Leaving out all pictures, retype the records exactly.

━━━ Provided data

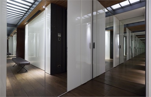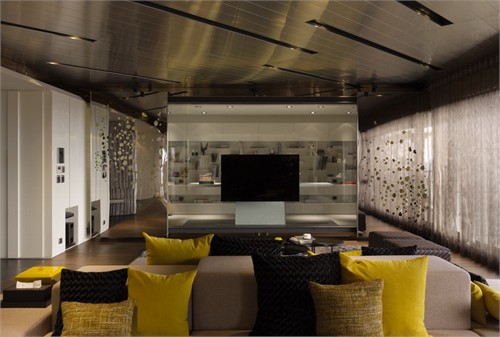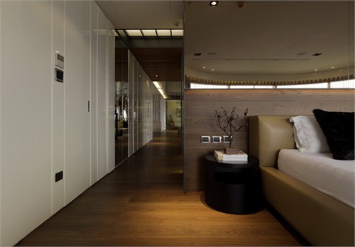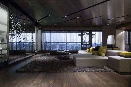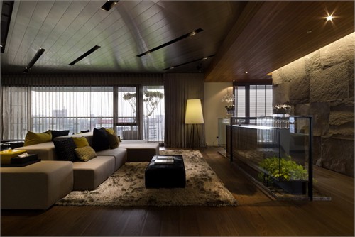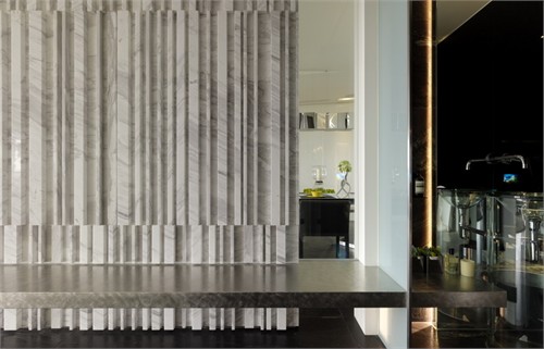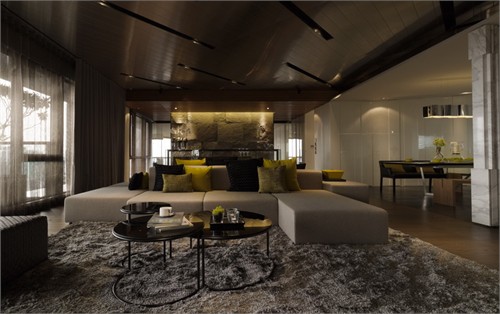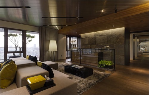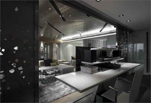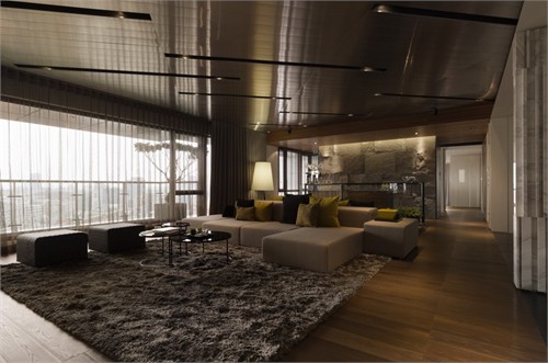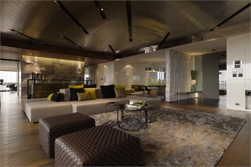 空間由一個自由平面展開,一道清晰的軸線貫穿主要空間。客廳沙發的配置決定了整個調性,是愉快的面貌,一面面對電視主墻,一面面對長形吧臺……以客廳沙發為空間重心,連結所有開放空間,空間之中,兩道主題:鏡面白鐵與原始石皮,冷峻天花與溫潤地板。
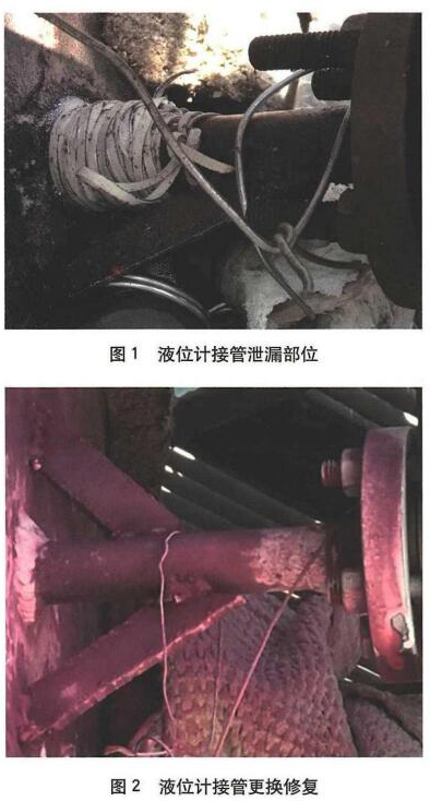 圖1是分離罐液位計(jì)接管泄漏部位,圖2則是停工搶修更換并經(jīng)檢查合格的襯四氟磁翻板液位計(jì)接管。泄漏發(fā)生在襯四氟磁翻板液位計(jì)接管靠近罐體部位(臨時(shí)用白色膠帶纏繞處),修復(fù)后的襯四氟磁翻板液位計(jì)接管仍釆用原設(shè)計(jì)結(jié)構(gòu),但接管壁厚增加,變更為必25x4mm。
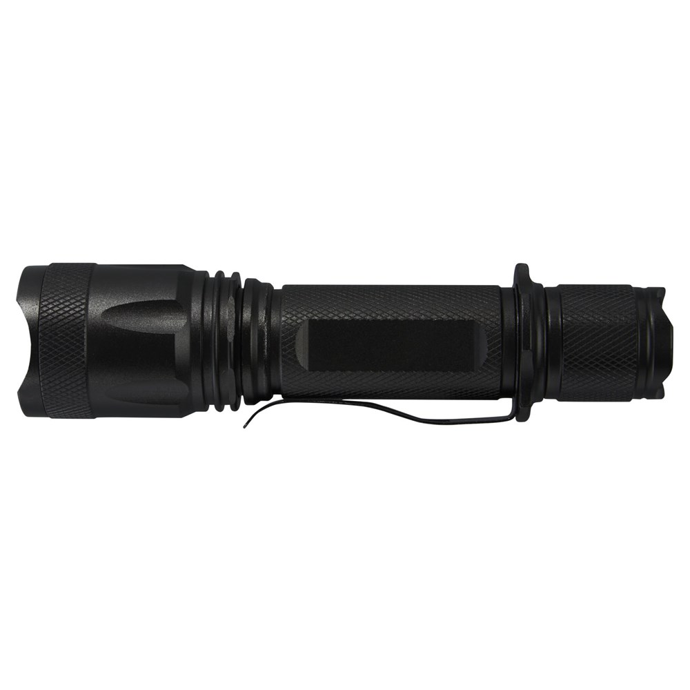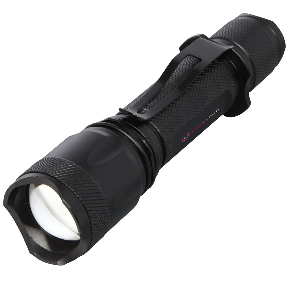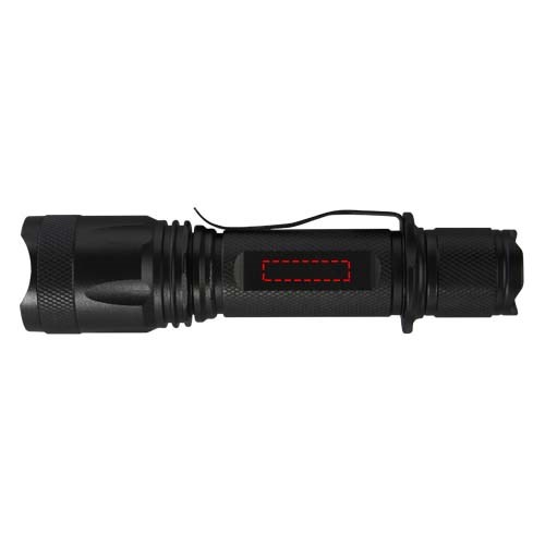 Kom nooit zonder batterij te zitten met deze oplaadbare, krachtige tactische aluminium zaklamp. De stevige zwarte behuizing van aluminiumlegering biedt een tactische uitstraling, met een schokbestendigheid van 1 meter. De zaklamp heeft een riemclip om gemakkelijk mee te nemen en is spatwaterdicht met een IPX4-classificatie. De 5 W led genereert 300 lumen voor maximaal 3 uur en heeft een straalafstand van 200 meter met 5 verschillende lichtstanden: hoog, medium, laag, stroboscoop en SOS. Het hoge vermogen komt van een ingebouwde lithiumbatterij met een capaciteit van 2000 mAh. De zaklamp heeft een afmeting van 14,5 x 3,4 cm en weegt slechts 170 gram. Wordt geleverd met een gebruiksaanwijzing en is verpakt in een geschenkverpakking van gerecycled karton met een afmeting van 17,5 x 6 x 4 cm. Lasergravure op de aluminium behuizing wordt aanbevolen.
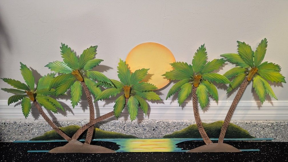 Tropical Palm Tree Sunset Metal Wall Art - Indoor/Outdoor 42.5" W x 17.75" H $75 Cash only. Thanks for looking and have a great day!
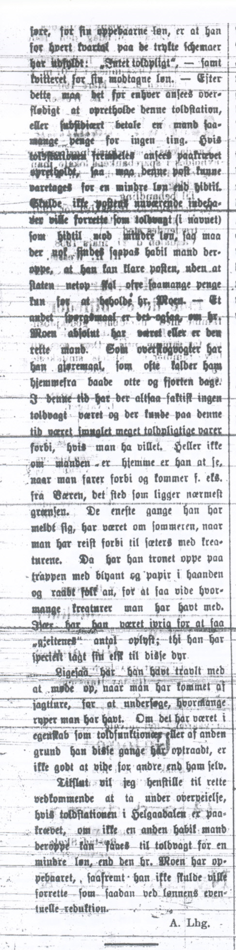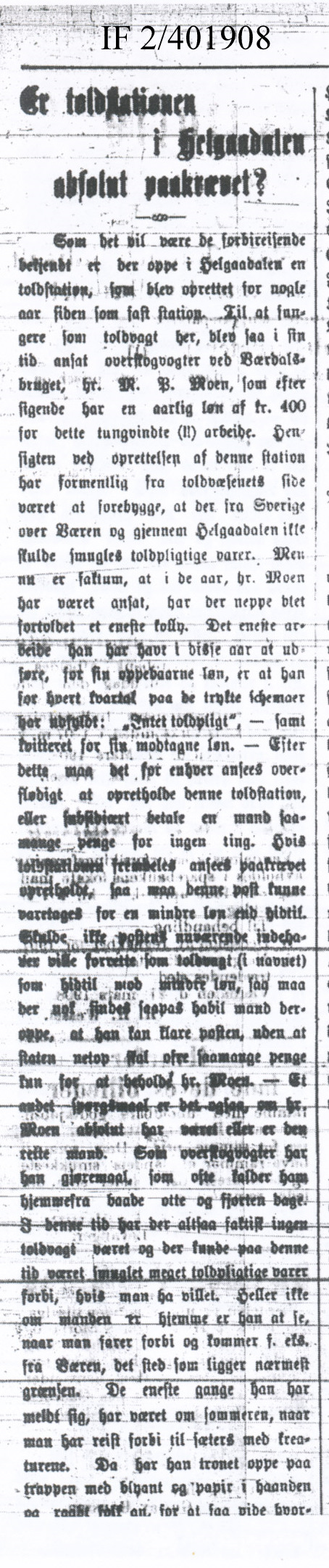 1908 Avisutklipp Tollstasjonen i Helgådalen

━━━━━━

Result of this task –
 空間由一個自由平面展開,一道清晰的軸線貫穿主要空間。客廳沙發的配置決定了整個調性,是愉快的面貌,一面面對電視主墻,一面面對長形吧臺……以客廳沙發為空間重心,連結所有開放空間,空間之中,兩道主題:鏡面白鐵與原始石皮,冷峻天花與溫潤地板。
 圖1是分離罐液位計(jì)接管泄漏部位,圖2則是停工搶修更換并經(jīng)檢查合格的襯四氟磁翻板液位計(jì)接管。泄漏發(fā)生在襯四氟磁翻板液位計(jì)接管靠近罐體部位(臨時(shí)用白色膠帶纏繞處),修復(fù)后的襯四氟磁翻板液位計(jì)接管仍釆用原設(shè)計(jì)結(jié)構(gòu),但接管壁厚增加,變更為必25x4mm。
 Kom nooit zonder batterij te zitten met deze oplaadbare, krachtige tactische aluminium zaklamp. De stevige zwarte behuizing van aluminiumlegering biedt een tactische uitstraling, met een schokbestendigheid van 1 meter. De zaklamp heeft een riemclip om gemakkelijk mee te nemen en is spatwaterdicht met een IPX4-classificatie. De 5 W led genereert 300 lumen voor maximaal 3 uur en heeft een straalafstand van 200 meter met 5 verschillende lichtstanden: hoog, medium, laag, stroboscoop en SOS. Het hoge vermogen komt van een ingebouwde lithiumbatterij met een capaciteit van 2000 mAh. De zaklamp heeft een afmeting van 14,5 x 3,4 cm en weegt slechts 170 gram. Wordt geleverd met een gebruiksaanwijzing en is verpakt in een geschenkverpakking van gerecycled karton met een afmeting van 17,5 x 6 x 4 cm. Lasergravure op de aluminium behuizing wordt aanbevolen.
 Tropical Palm Tree Sunset Metal Wall Art - Indoor/Outdoor 42.5" W x 17.75" H $75 Cash only. Thanks for looking and have a great day!
 1908 Avisutklipp Tollstasjonen i Helgådalen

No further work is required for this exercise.